The setup includes a PC running E-prime, a Mac running acknowledge, an MP100 Biopac system, and a shock box. In-line code is programmed into the E-prime script to communicate with the Acknowledge software and the shock box. This enables E-prime to send signals to Acknowledge denoting event onsets, and signals to the shock box to trigger shock administration. The output from E-prime is sent via a printer port to the Biopac system, which in turn sends the event signal to the Mac recording physiology with Acknowledge via a USB connection provided with the Biopac system, as well as to the shock box (see Table 1 for product information).

Exclusion Criteria

Subjects should be excluded before completing all experimental sessions or from data analysis if they demonstrate any of the following:

• Failure to show detectable or reliable SCR - when applying and testing skin conductance response, subjects may demonstrate flat SCR. If this occurs, it is recommended to wait an additional 5 min as responses may not immediately emerge, or check for bubbles with in the conductance gel (in this case electrodes should be removed, cleaned and refilled).
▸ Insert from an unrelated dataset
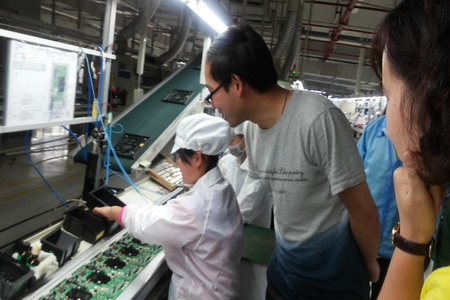 李规首先来到位于深圳市宝安区石岩镇塘头工业区的创维科技工业园区,我院有49位2014届毕业生在创维顶岗实习,其中有44位是应用电子专业的学生。李规在公司人力源部王田甜的陪同下与20位同学代表进行了座谈,同学们纷纷介绍着自己在公司的工作和生活情况以及实习的感受等。11电大2班方坚介绍,他现在与其他6名同学被分到了自动化设备部设备管理科工作,有双休日,工作环境也很好,觉得能学到很多与专业对口的知识,月实习收入也在4千元左右。随后,李规来到生产线和宿舍看望了其他同学,并鼓励他们要珍惜实习机会,提高专业技能,并着重强调了顶岗实习期间的安全问题。同学们对学院老师的到来感到很亲切,也纷纷表示会珍惜这个宝贵机会,努力学习和工作,提高技能操作水平。

Subjects who have flat SCR response even after these troubleshooting strategies should be excused from the experiment.
• Failure to demonstrate acquisition of the fear response (on Day 1): differential SCR to the CS+ and CS- by the end of the acquisition session (mean of second half of the acquisition trials) that is in the wrong direction (i.e. CS- > CS+) or that is too small to conclude learning has occurred (i.e., difference is less than 0.1 μs).
• Failure to demonstrate extinction of the fear response (on Day 2): differential SCR to the CS+ and CS- by the end of the extinction session (on the last trial) that is larger than 0.1 μs.
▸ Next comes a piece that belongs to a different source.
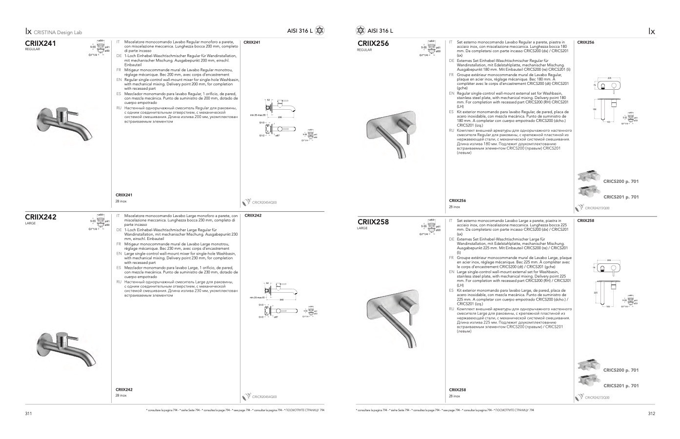mm. Da completarsi con parte incasso CRICS200 (dx) / CRICS201

The protocol we presented here enables creating a simple conditioned fear response to a neutral stimulus paired with an aversive outcome. A day later we reactivated the fear memory in order to trigger its reconsolidation. During this stage we induced interference in the form of extinction training. To verify that extinction affects reconsolidation we used two control groups. One group underwent extinction without the reminder trial triggering reconsolidation, and another group experienced the reminder trial but then underwent extinction outside the reconsolidation window. We then measured, during the next day, whether the memory spontaneously recovered or whether the fear response to the conditioned stimuli failed to recover.
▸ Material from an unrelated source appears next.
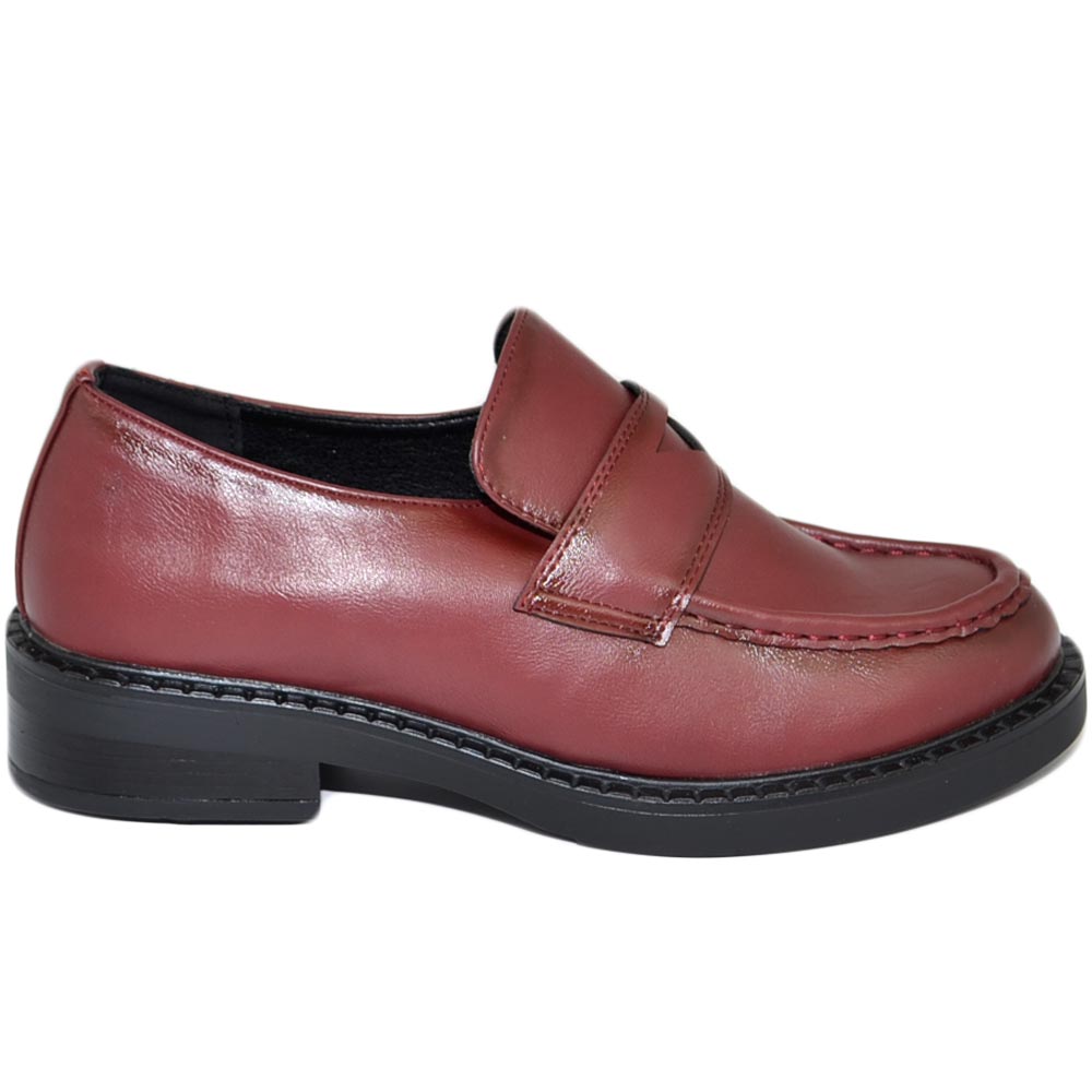 Mocassini donna college bordeaux marsala bendina suola gomma light moda tendenza

Pavlovian conditioning is a classic paradigm that has been widely used in the last few decades across many species. Animal research has described the neural mechanisms underlying the formation of the fear association and its extinction in great detail^19,20. Studies in humans have successfully adapted this protocol to elucidate the neural correlates in the human brain^21-24. The current protocol is a subtle variation of this well-established paradigm and therefore ideal to reveal, characterize and manipulate reconsolidation in humans.